> On Jul 8, 2025, at 10:57, Joe Abley <[email protected]> 
> wrote:
> On 8 Jul 2025, at 10:18, Carlos Horowicz 
> <[email protected]> wrote:
>> I must say I’m not particularly sympathetic to DNS over TCP. While it’s a 
>> necessary fallback in some cases, it slows things down due to handshake 
>> overhead, increased latency from retries, and the need to maintain state per 
>> connection.
> Setup and teardown handshake overhead is in principle able to be amortised 
> over the many messages that might be exchanged over a single session, so over 
> a busy session the aggregate cost tends towards zero and the cost for a 
> message over a session that is already established is as close to zero as 
> makes no odds.
> The ability to handle large aggregate session state is something that has 
> turned out to be manageable for HTTP and many other protocols. I don't know 
> why we would assume that it's an insurmountable problem. 
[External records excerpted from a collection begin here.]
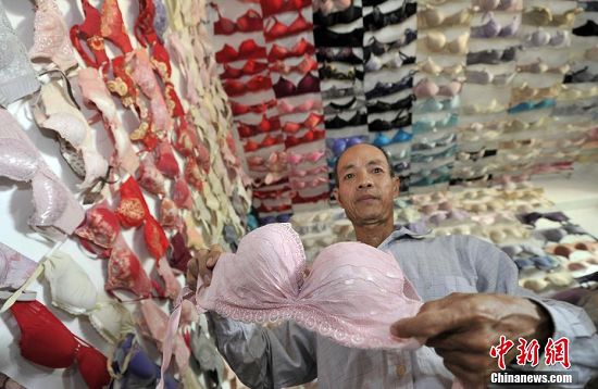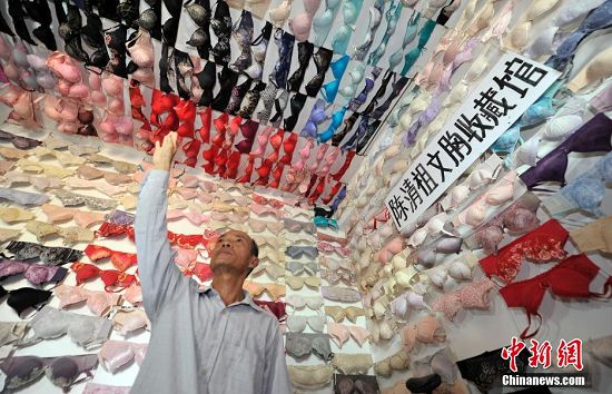 [國內(nèi)新聞]4月21日,海南省三亞市崖城鎮(zhèn)的陳清祖花費20年時間收集5000余件文胸,在一間棟不起眼小房間的墻壁上、天花板上掛滿了各式各樣的女性文胸,數(shù)量多達(dá)5000余件,而這些令人目不暇接的“藏品”來自全國30多所高校的女生。據(jù)陳清祖介紹,他的夢想是將來打造一間文胸收藏館,通過展示內(nèi)衣,提高全社會對女性乳房健康的關(guān)注度。圖為陳清祖展示他的“特別藏品”。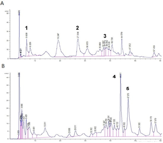 HPLC chromatograms of Carya illinoinensis recorded at 280 nm (A) and 260 nm (B). Peak identification: (1) gallic acid; (2) catechin; (3) epicatechin; (4) ellagic acid derivative; and (5) ellagic acid.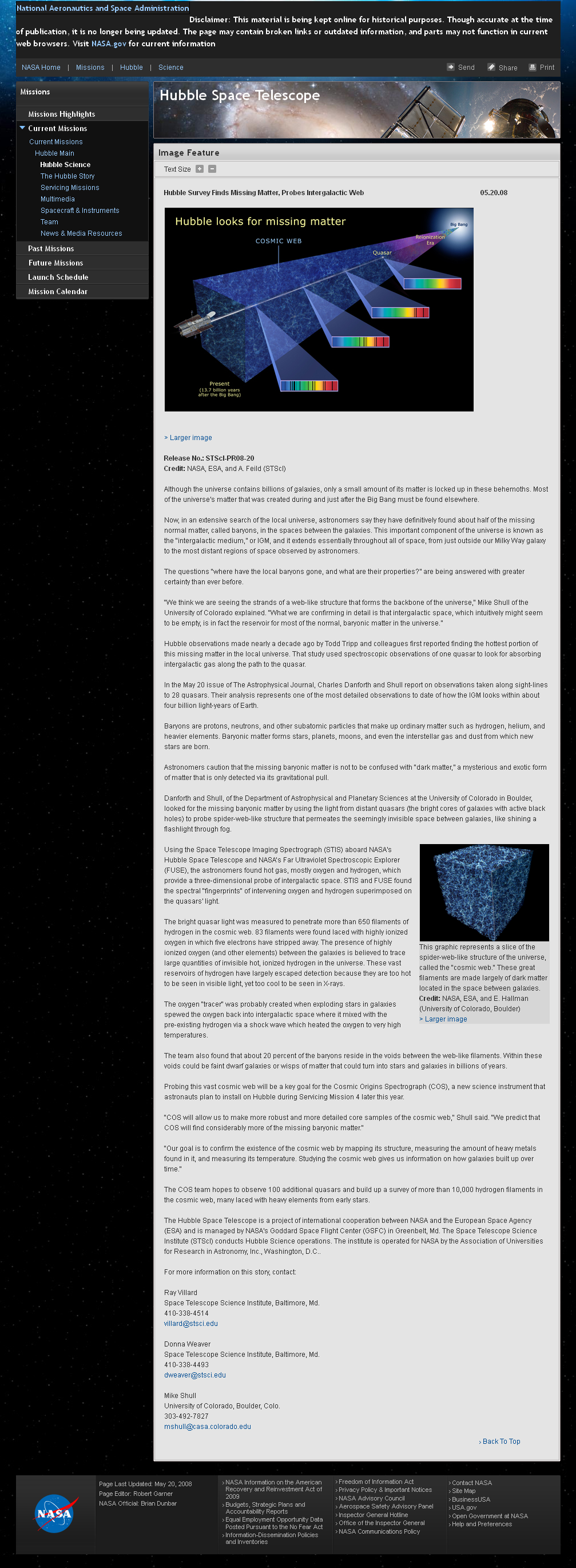 الرسم يُمثّل جزءا من بنية الكون التي تُشبه الشّبكة العنكبوتية و التي يُطلق عليه اسم " النسيج الكوني " !!! ![]() هذه الخيوط الكبيرة هي مصنوعة من المادة المظلمة الموجودة في الفضاء بين المجرّات !!! ![]() المصدر : https://www.nasa.gov وكالة الفضاء الأميركية في حديثها عن بنية الكون تستعمل مصطلحات من قبيل : " نسيج " و " "خيوط " ؟؟؟؟ أمر غريب ؟؟؟ ![]() يُتبع .... للمزيد من مواضيعي

Just chiming in to register agreement with Joe.  Essentially all DNS traffic is 
either stub-recursive or recursive-authoritative.  Stubs typically use a single 
recursive, and should ideally be using DoT anyway, so that’s efficiently 
handled using TLS already.  The _vast_ majority of recursive-authoritative 
traffic is long-lived flows between relatively small numbers of servers (with a 
small minority of traffic spread over a long tail of infrequently-queried 
authoritatives).  So there, too, there’s high efficiency in ensuring that the 
majority of the traffic is running over ADoT.

Next up, bidirectional TLS auth FTW!